Please drink more strong lager - Urgent appeal

Soaring commodity costs and falling sales of its premium lager have forced Inbev, the Belgian brewing giant, to axe up to 250 jobs at two Stella Artois breweries in Lancashire and Wales.

Up to 166 workers in Samlesbury, Lancashire, and 80 in Magor, south Wales, face redundancy after an operational review by Inbev. A consultation process with affected employees has started. Unions and workers' representatives have vowed to fight the move, which the GMB union described as "shocking".

Brewers are under intense pressure after wheat prices have doubled over the last year. Hops prices are predicted to rise by 150 per cent this year. The increase is down to poor global harvests, increased demand from India and China and a spike in demand for biofuels. Due to intense competition in the beer sector, the brewery has been reluctant to pass the price increases on to drinkers.
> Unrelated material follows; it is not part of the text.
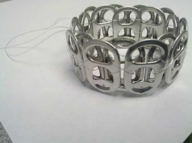 empezar a los contenedores de reciclaje asaltar a!Aluminio de vuelta puede pestañas en joyería cool!Paso 1: Reúna los suministros Para empezar, necesita una pila de fichas pop. Entre 20-26, dependiendo de tamaño de la muñeca.También necesitas tijeras

Inbev said that brewing would continue at the sites, but with fewer staff. It said that the review was part of "normal" business operations, "particularly in today's economic environment with rising raw materials, packaging and energy costs".

Sales are also under pressure. Alan McVann, the GMB's convener at the Samlesbury site, said that sales of Artois have dropped by 10 per cent over the last year as customers have opted for less expensive, weaker lager. Samlesbury employs 380 people, meaning that the proposals will affect almost half the workforce.